For example, in one embodiment of this invention, a number of properties are measured by means of a loadable instrumentation module that injects a small amount of crafted code by well-known means into certain key code paths of an operating system kernel such that a very low-cost measurement is made to a read a fundamental property, namely the pid under which the application or kernel code is executing (e.g., PsGetCurrentProcessID in the Windows OS.) As is well-known, an invariant property of the OS is that an application-level program with appropriate access privileges is able to get a process handle on any process on the system given the process ID. Thus, an embodiment of this invention includes an analysis module known as the “agent” that takes the process ID value determined by the instrumentation code and attempts to obtain a process handle (e.g., via the API OpenProcess(. . . )).
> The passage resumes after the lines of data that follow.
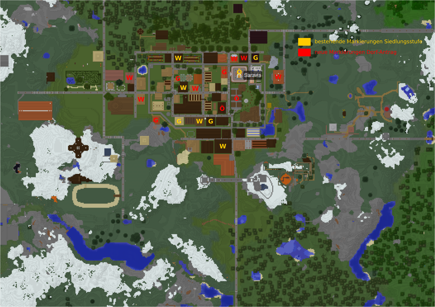 Was ich nicht genau verstanden habe ist, daß Du ja sagst, daß es viel Deko gibt, aber im nächsten Satz nicht genug Dekoration beklagst. Die Chestshops gehören natürlich als zentrales Element zur Stadt, weil ja der Handel der Motor für das Wachstum ist (Server-ökonomisch genauso wie in der Stadt-"Geschichte") Aber mit 23 von 77 Gebäuden, die bisher nicht als Geschäft konzipiert sind, haben wir da denke ich noch einen passablen Schnitt, oder? Ich habe das jetzt so verstanden, daß es mehr Bauwerke geben soll, die nicht Häuser sind? So etwas wie Statuen o.ä. ? Das wäre langfristig durchaus Teil des Konzepts. Und auch der "Industriebereich" der Stadt in der dann die Minen stehen, wird vielleicht auch noch den ein oder anderen Chestshop für Erz beherbergen, aber doch hauptsächlich auf die Außengestaltung und Wirkung der Bauwerke abzielen, besonders im Vergleich zur Altstadt. Aber wir können ja in-game nochmal drüber reden. Auch bezüglich der Planungen für eine Bahnanbindung hab ich noch nicht so ganz den Durchblick, nach der Lektüre der entsprechenden Doku.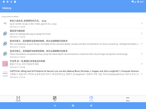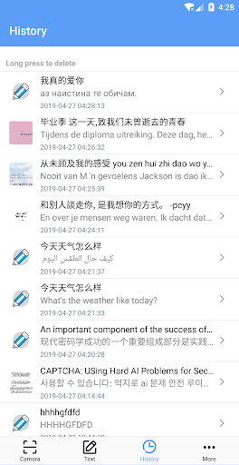 Cam Translate, mobile camera scan translator, uses the latest in-depth neural network, combined with cloud image recognition technology, to recognize text in images with high accuracy and to translate texts in multiple languages.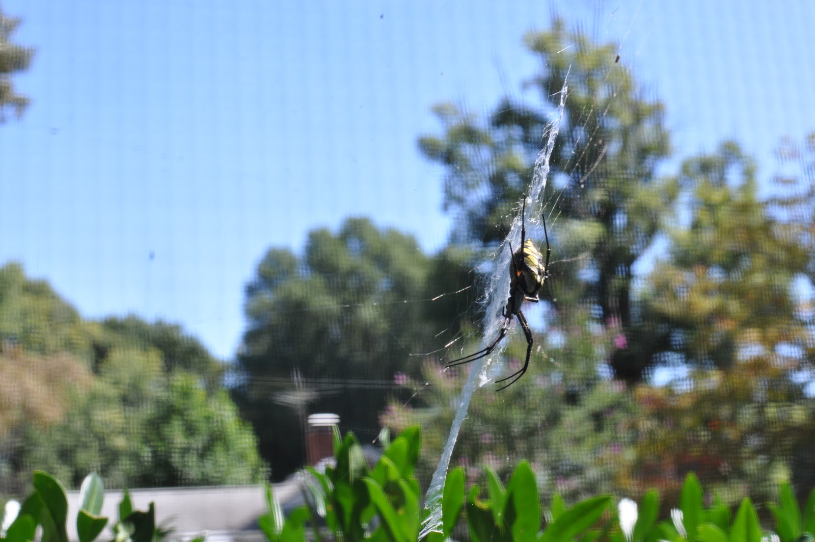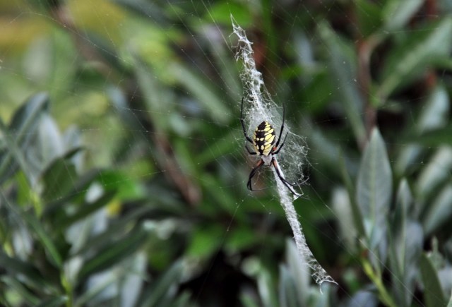 The return of the black and yellow argiope (Argiope aurantia) is another tell-tale sign of autumn. These beauties show up every fall in bushes, hostas, and sides of houses. The ones this size are female and will grow up to an inch and half long. These spiders are harmless to humans, in fact they eat many insects and actually are quite helpful in ridding gardens of pests.

Of course, both the PsGetCurrentProcessID operation and the OpenProcess operation are low-cost operations in the Microsoft Windows operating system. In this embodiment, the process ID (or other data) is conveyed from the instrumentation code to the analysis code by means of a telemetry stream or other suitable means. A failure of the OpenProcess operation (e.g., a failure with a status value that no such process ID exists) is a violation of the invariant property described above. This provides a low-cost and effective means of accomplishing immediate detection in real-time of a broad variety of “hidden process” compromises.

Note that the detection of compromise relies only on the invariant properties, in part, that for every process ID in the fundamental execution of software, it is possible to open a handle to the process. The embodiment includes other similar detections of violations of invariant properties, such as the invariant properties relating to thread IDs and obtaining a handle to a thread, the DLL or other file for a code module loaded into a process and obtaining a handle to that file on the operating system, the identifier of a port or socket and accessing information about that port or socket. Additional invariant properties include the accessibility of a process ID or other fundamental dynamic property to other OS APIs, such as the Tool Help APIs, the process ID under which a thread executes, and any of a number of APIs which access files or directories in the file system. These are merely representative.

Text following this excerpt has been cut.